Kek, Indian dude I know was CONVINCED he met Bono on Paddys Day, but it was an impersonator...didn't have the heart to tell him
>bagged
Kind of hoping this has the same meaning in Dublin as it does in Cork (i.e. turn your schoolbag inside out)
Adam Russell
>Kind of hoping this has the same meaning in Dublin as it does in Cork (i.e. turn your schoolbag inside out)
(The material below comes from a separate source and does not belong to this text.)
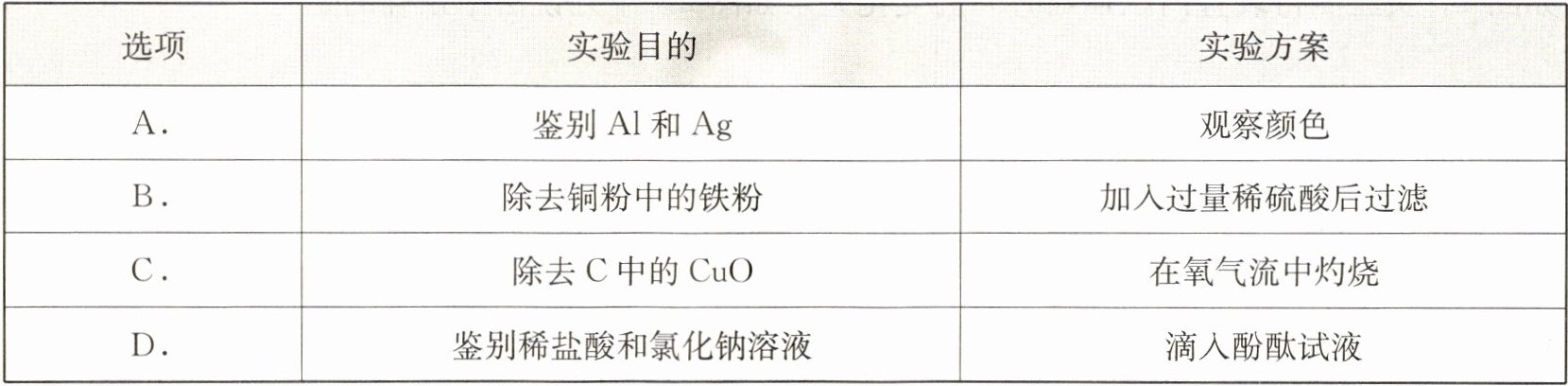 12. 下列实验方案能达成实验目的的是(
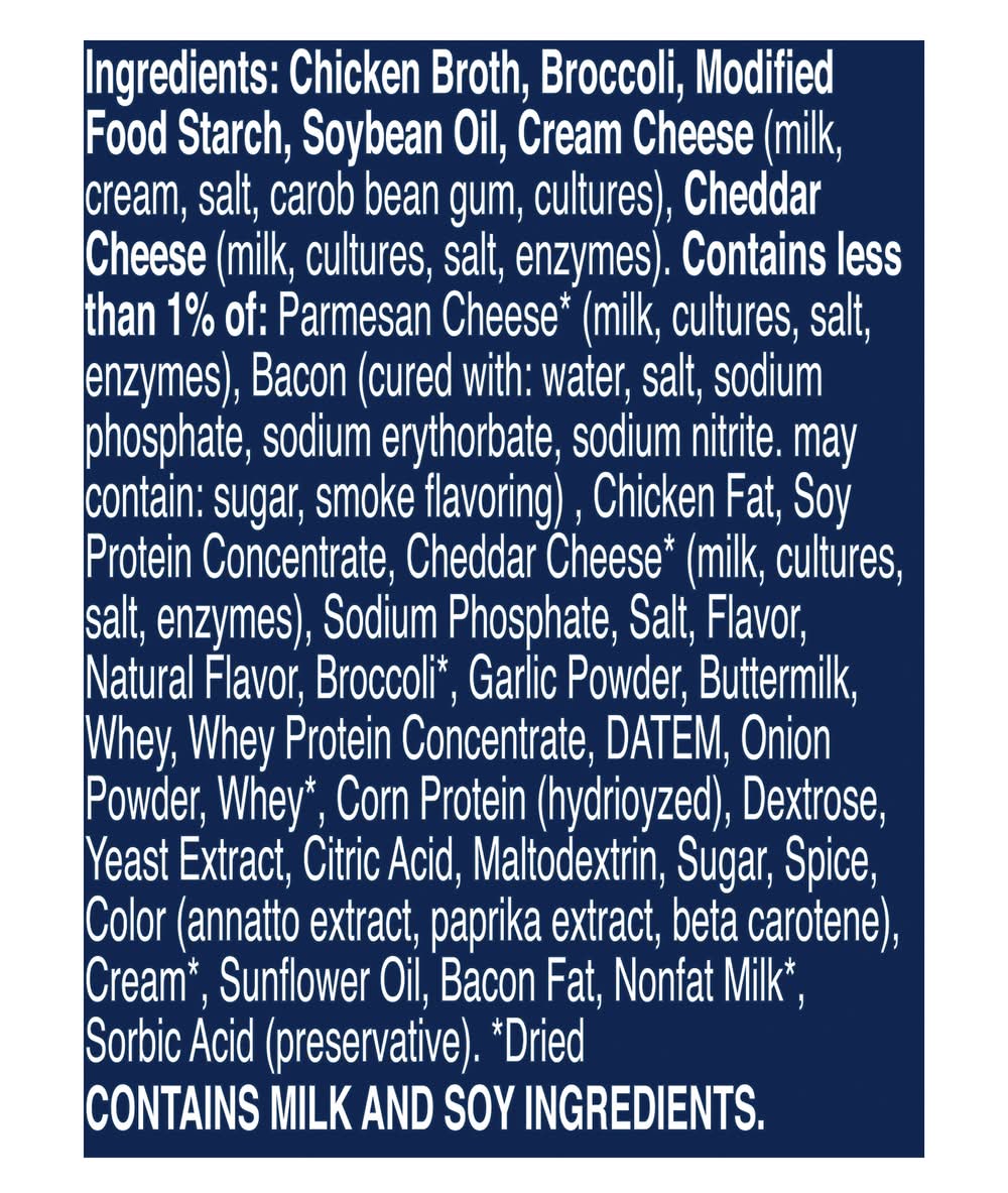 Ingredients: Chicken Broth, Broccoli, Modified Food Starch, Soybean Oil, Cream Cheese (Milk, Cream, Salt, Carob Bean Gum, Cultures), Cheddar Cheese (Milk, Cultures, Salt, Enzymes), Contains Less than 1% of: Parmesan Cheese (Dried) (Milk, Cultures, Salt, Enzymes), Bacon (Cured with: Water, Salt, Sodium Phosphate, Sodium Erythorbate, Sodium Nitrite, May Contain: Sugar, Smoke Flavoring), Chicken Fat, Soy Protein Concentrate, Cheddar Cheese (Dried) (Milk, Cultures, Salt, Enzymes), Sodium Phosphate, Salt, Flavor, Natural Flavor, Broccoli (Dried), Garlic Powder, Buttermilk, Whey, Whey Protein Concentrate, DATEM, Onion Powder, Whey (Dried), Corn Protein (Hydrioyzed), Dextrose, Yeast Extract, Citric Acid, Maltodextrin, Sugar, Spice, Color (Annatto Extract, Paprika Extract, Beta Carotene), Cream (Dried), Sunflower Oil, Bacon Fat, Nonfat Milk (Dried), Sorbic Acid (Preservative) Contains: Milk, Soybeans, Corn

Yep, that's the one. We used to zip tie them shut from the inside too, was a complete balls.
Ryder Carter
Ah good
For a minute there I thought CIA had sexually assaulted your brother on an ongoing basis so just making sure
Blake Sanchez
Someone I know said they saw him getting his bit taking some girl home after a night out too haha. In work some some Spanish lad was looking for Bono and asked me where he could find him
John Jenkins
Hung out with Jack a few times through mutual friends. Nice chap from what I could gather. I'm a bit of a dingbat socially so I didn't say much to him.
Colton Howard
Irish people are so fucking twee, saints and begorrah, you dirty pope-worshipping fuckers ye
Thomas Cooper
Seeing as there are a bunch of irishfags in here, what do we think of the current state of campus politics? Is there an equivalent to the SJW and alt-right culture going on in Dublin?
Aiden Bell
SJW yes
Alt-right no
Trinity is a lost cause, UCC may be saved
Joshua Allen
She looks like the kind of girl who loves to be desecrated by bodily fluids.
James Gray
Why have the SJWs been so successful here? ...will it ever go away?
Joshua Foster
When I lived in America: Savannah >I made out with Miley Cyrus years ago and cucked Liam Hemsworth. >Also met Norman Reedus and Andrew Lincoln in a bar and drank with them. Lincoln went back to his hotel pretty early, but jesus Norman is a fucking animal with the drink. He's Chief Kief tier. I tapped out at round 10 and he kept going for god know how long, and smoked a couple spliffs while drinking.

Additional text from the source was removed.